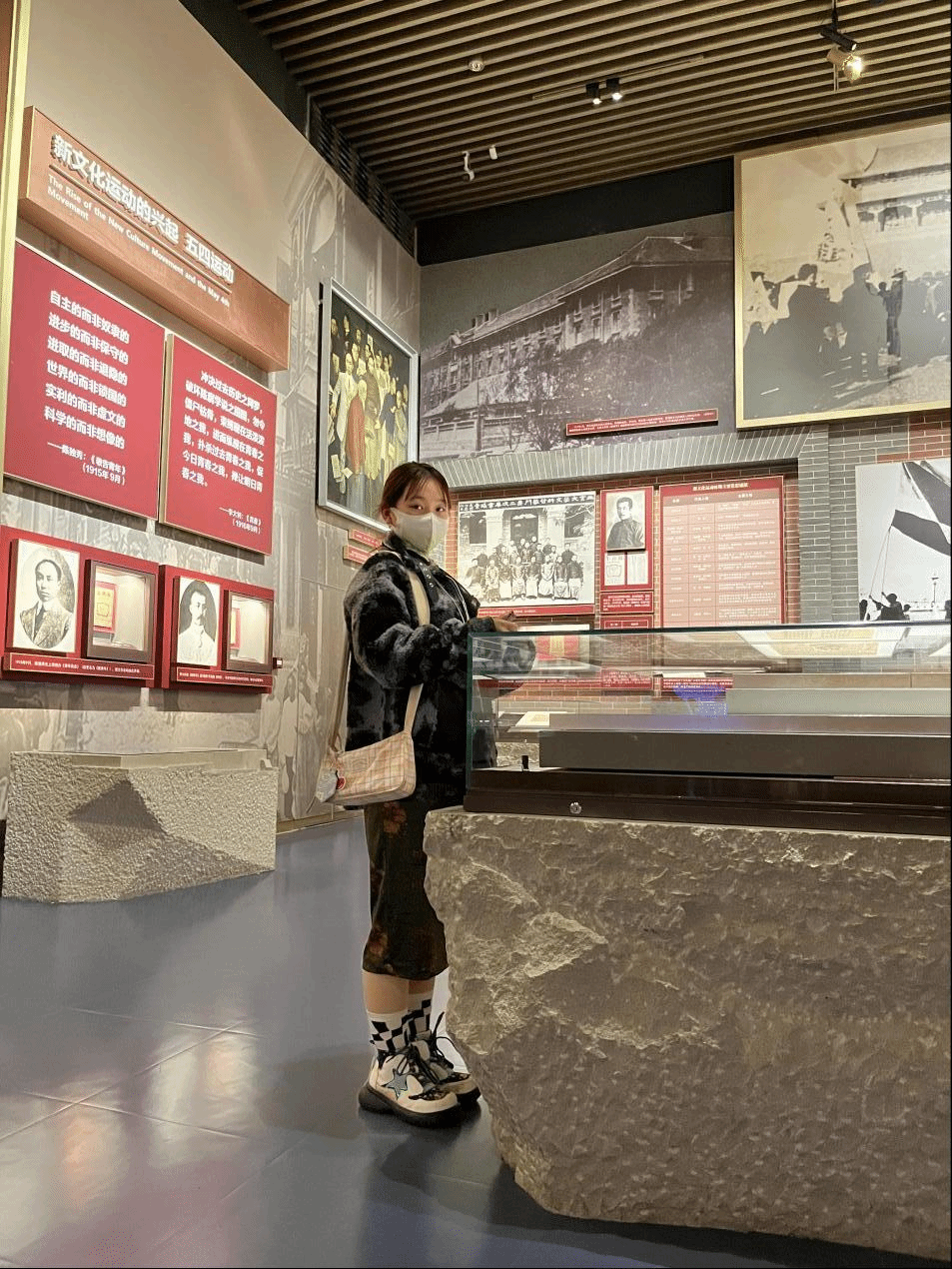 脚步继续前行,心灵也跟随党的革命一步步前进,来到了李大钊先生的相片前,赫然立在旁边的是当时处刑的绞刑架,寒意顿生,内心涌动的是愤怒却也是动容。脚步前行,党的历史也在眼前一一出现。站在毛泽东爷爷的雕像前,只能不心生动容?怎能不落泪?看过了这一程,我们更当奋勇向前,在这大好的新时代,不忘初心、牢记使命,将个人理想融入中国梦中,为建设中国特色社会主义现代化强国而努力!
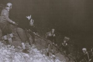 Že zdavnaj se je znočilo. Še vedno prečiva neskončna pobočja proti Krki. Dereze škripljejo po položnih plateh, ki so sem in tja prekinjene s krpami snega. Vsakih nekaj korakov počivam. Vsega imam dovolj. Iz krošnje vzamem baterijo. Sranje! Ne gori! Zamenjati bom moral vložek. Za tako delo je treba sneti rokavice. Takoj se mi zanohta. Sedaj, ko me že tako in tako zebe v roke, si mislim, pa lahko spregovorim še nekaj besed po radiu, da ne bo Tone preveč v skrbeh za naju.
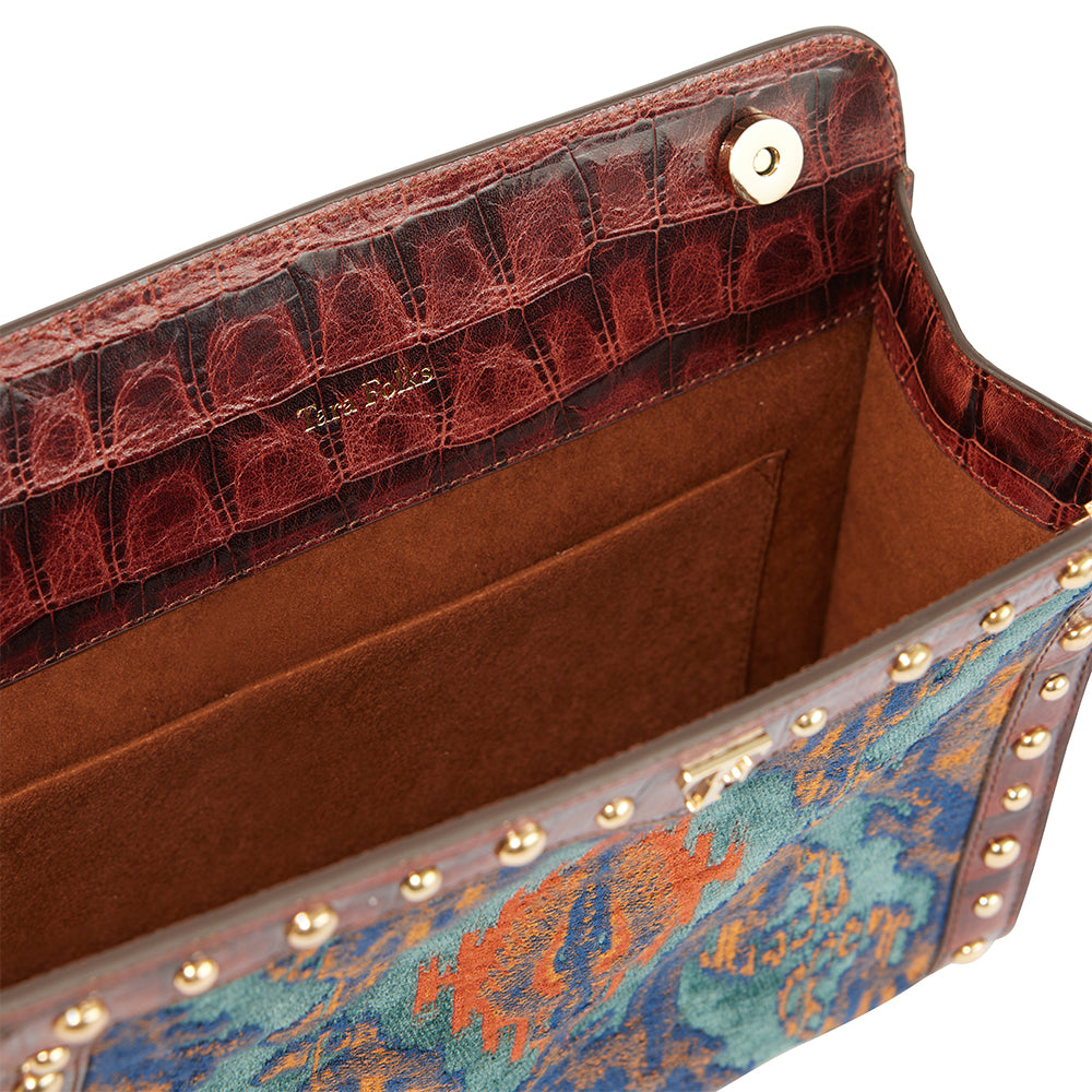 Crafted by skilled artisans, this standout clutch blends traditional Turkish fabrics with croc-embossed leather trims and golden studs, keeping your look effortlessly stylish from day to night!
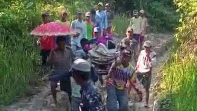 "Ditandu dari rumah mau dibawa ke RSUD Ploso, Jombang. Karena mobil tidak bisa lewat. Kondisi jalan berlumpur, licin dan naik turun. Jaraknya sekitar 8 Km dari Kedung Dendeng ke Dusun Brangkal," ungkap pria yang juga menjabat Kasi Kesejahteraan Rakyat Desa Jipurapah ini.
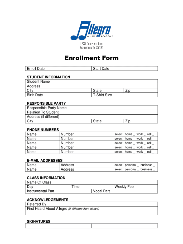 Enroll Date Start DateSTUDENT INFORMATION Student Name Address City Birth Intestate Shirt SizeZipRESPONSIBLE PARTY Responsible Party Name Relation To Student Address (if different) CityStateZipPHONE
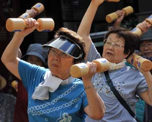 “我耳朵不好使,眼睛也看不清,渾身是病,”87歲的日本老人鎮(zhèn)元悅子(音譯)說(shuō),“但我的精神仍然年輕!
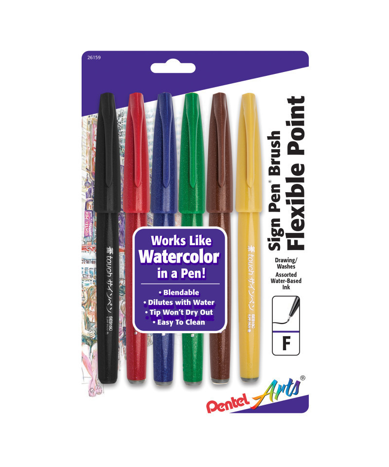 Pentel Arts Sign Pen Brush Tip, Assorted Colors, 6-Pack
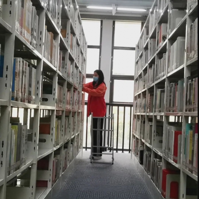 学员在图书馆整理书籍
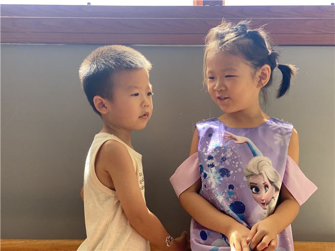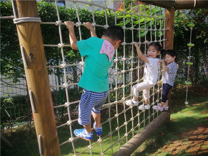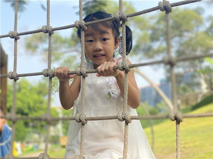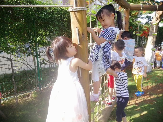 在方块区域玩耍的嘟嘟在攀爬中也不忘提醒一旁的宸宸:“你要抓牢,不要掉下来啦。”
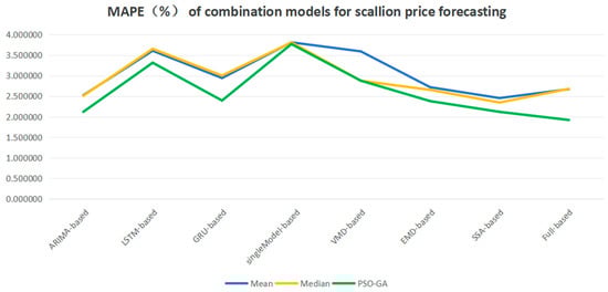 In order to further compare the prediction accuracies of different combination models, the MAPE values of the eight-seeded strategy under the three combination methods are compared. The results are shown in Table 9, below. The data show in Figure 7 and Figure 8 that in most cases, the method of determining the weights of each model in the combination model by PSO-GA has the smallest error value for the MAPE compared with the mean and median methods. In addition, the MAPE values of the PSO-GA-based portfolio models decreased by an average of 14.09% compared to the mean-based benchmark portfolio model, and 11.20% compared to the median method. The PSO-GA of the full model was the most effective, with the lowest error and highest accuracy. Its MAPE value for large scallions is 1.9209%, which is a decrease of 8.96% compared to the MAPE value for the best single model, SSA-ARIMA. As shown in Table 9, among the homogeneous models, the ARIMA-based model performs better, and this result suggests that the combination of homogeneous models with different decomposition techniques can further improve prediction accuracy. Among the heterogeneous models, the SSA-based model performs the best, with the smallest MAPE error, and its prediction performance is quite excellent compared with the single model.
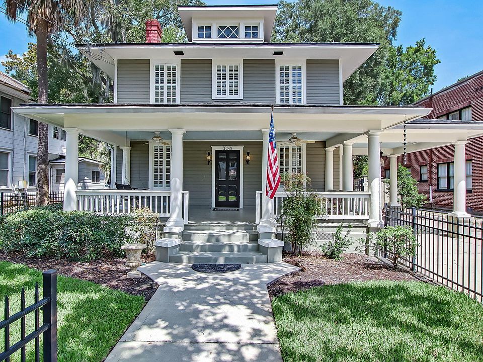 Opportunity Knocks! This classic 1922 home, with charming porte-cochere, is located in the sought after Riverside/ Avondale Historic District & zoned CRO. Large front porch welcomes you to this attractive home.(Exterior of main house & detached 2 car garage freshly painted in Sept. 2020). House features spacious, sun-filled rooms & 5 fireplaces, Plantation Shutters throughout main house! It has that 'hard-to-find' DOWNSTAIRS bedroom with attached full bath, & beautifully remodeled white cabinet kitchen with gas cook-top & stainless appliances. 3 bedrooms & 2 recently renovated full baths upstairs. 2 story, 2 car detached garage (built in 2008) has another star feature - a 1 bedroom guest apartment with full kitchen. Property currently being used as a short-term rental. A 5-STAR property
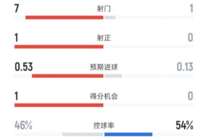 预期进球0.53-0.13
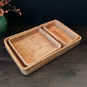 出口日韩批发越南秋藤编织糖果收纳盘 蔬菜水果零食干...
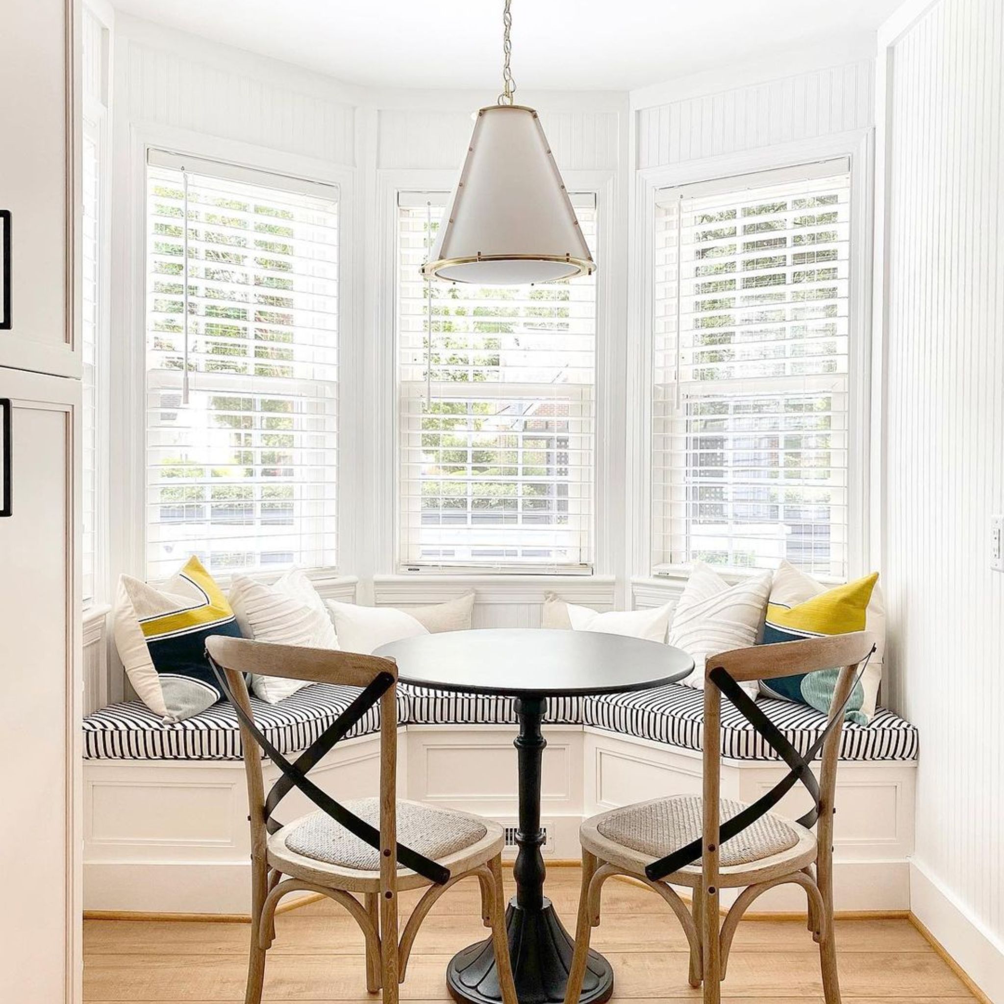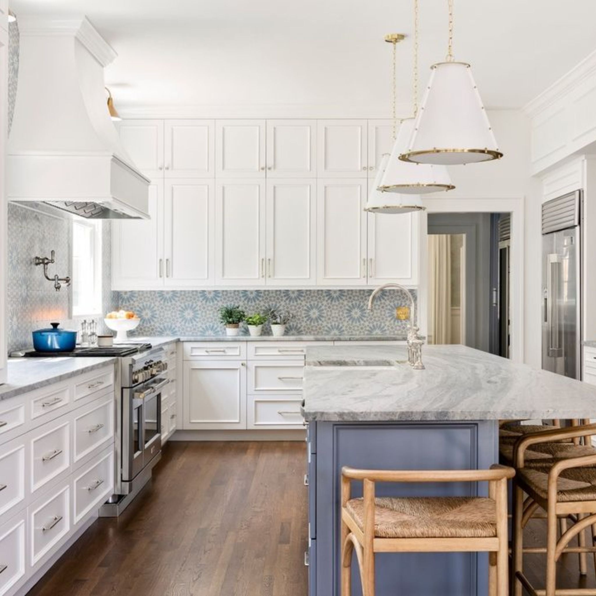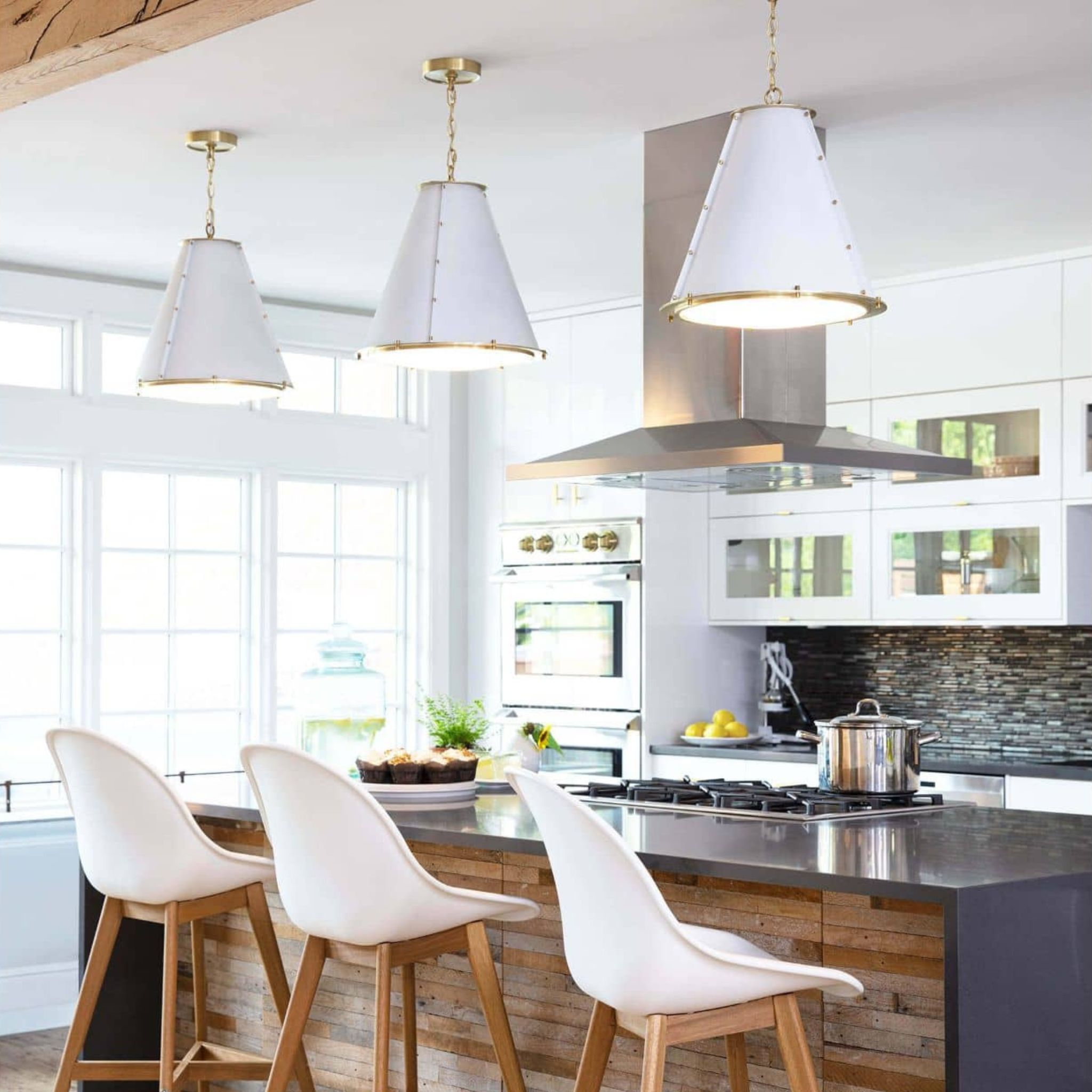 Bright and white, the French Maid chandelier has a simple cone silhouette that’s trimmed with natural brass detailing for an industrial edge. A diffuser shade provides nice ambient light for a kitchen island.
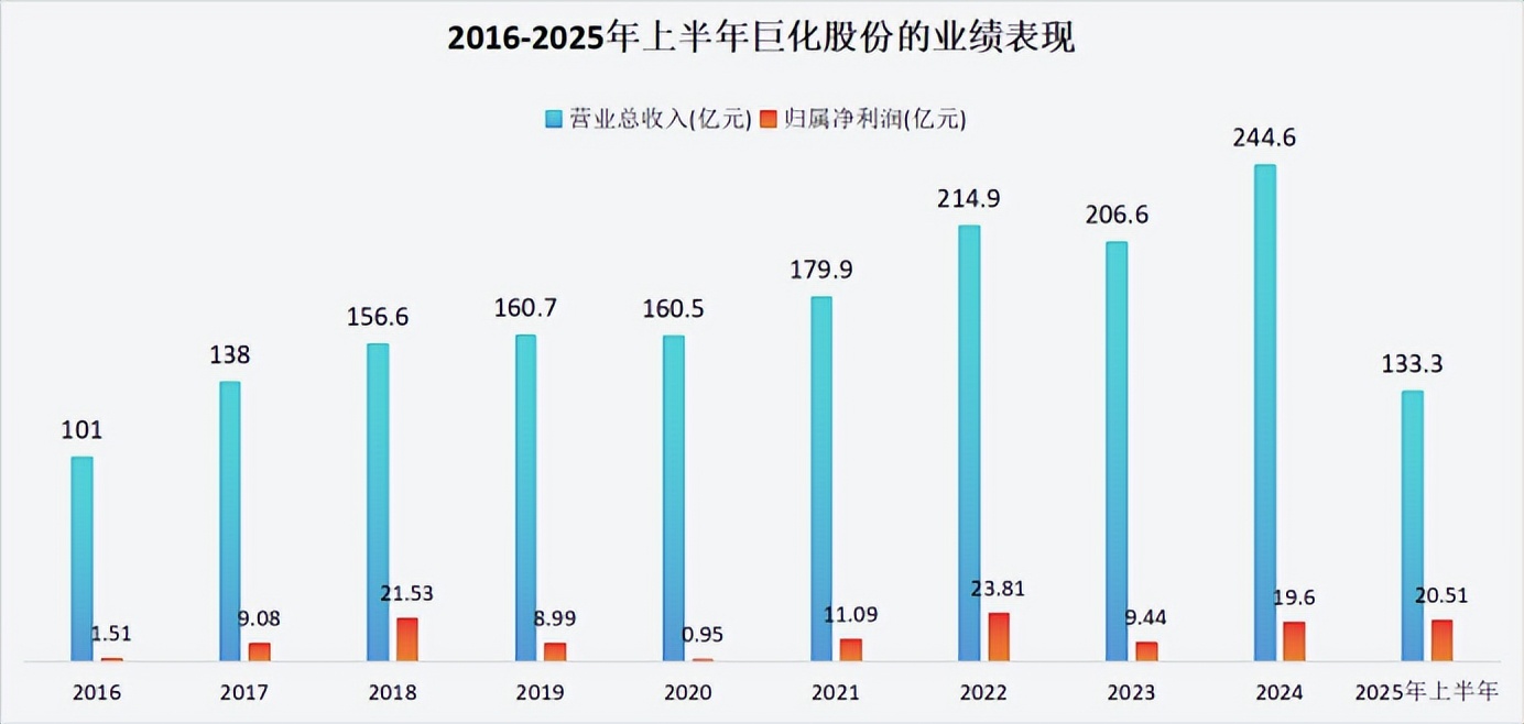 2025年半年报显示,巨化股份的营收和净利润分别实现133.3亿元、20.51亿元,同比增速达到10.36%、146.97%。
• • • • •
▶ _WHAT NEEDS TO BE DONE_
Please reproduce, exactly and only, the lines from the line containing "出口日韩批发越南秋藤编织糖果收纳盘 蔬菜水果零食干..." through the last line of the material above, minus any pictures.

▶ _FINAL ANSWER_
 出口日韩批发越南秋藤编织糖果收纳盘 蔬菜水果零食干...
 Bright and white, the French Maid chandelier has a simple cone silhouette that’s trimmed with natural brass detailing for an industrial edge. A diffuser shade provides nice ambient light for a kitchen island.
 2025年半年报显示,巨化股份的营收和净利润分别实现133.3亿元、20.51亿元,同比增速达到10.36%、146.97%。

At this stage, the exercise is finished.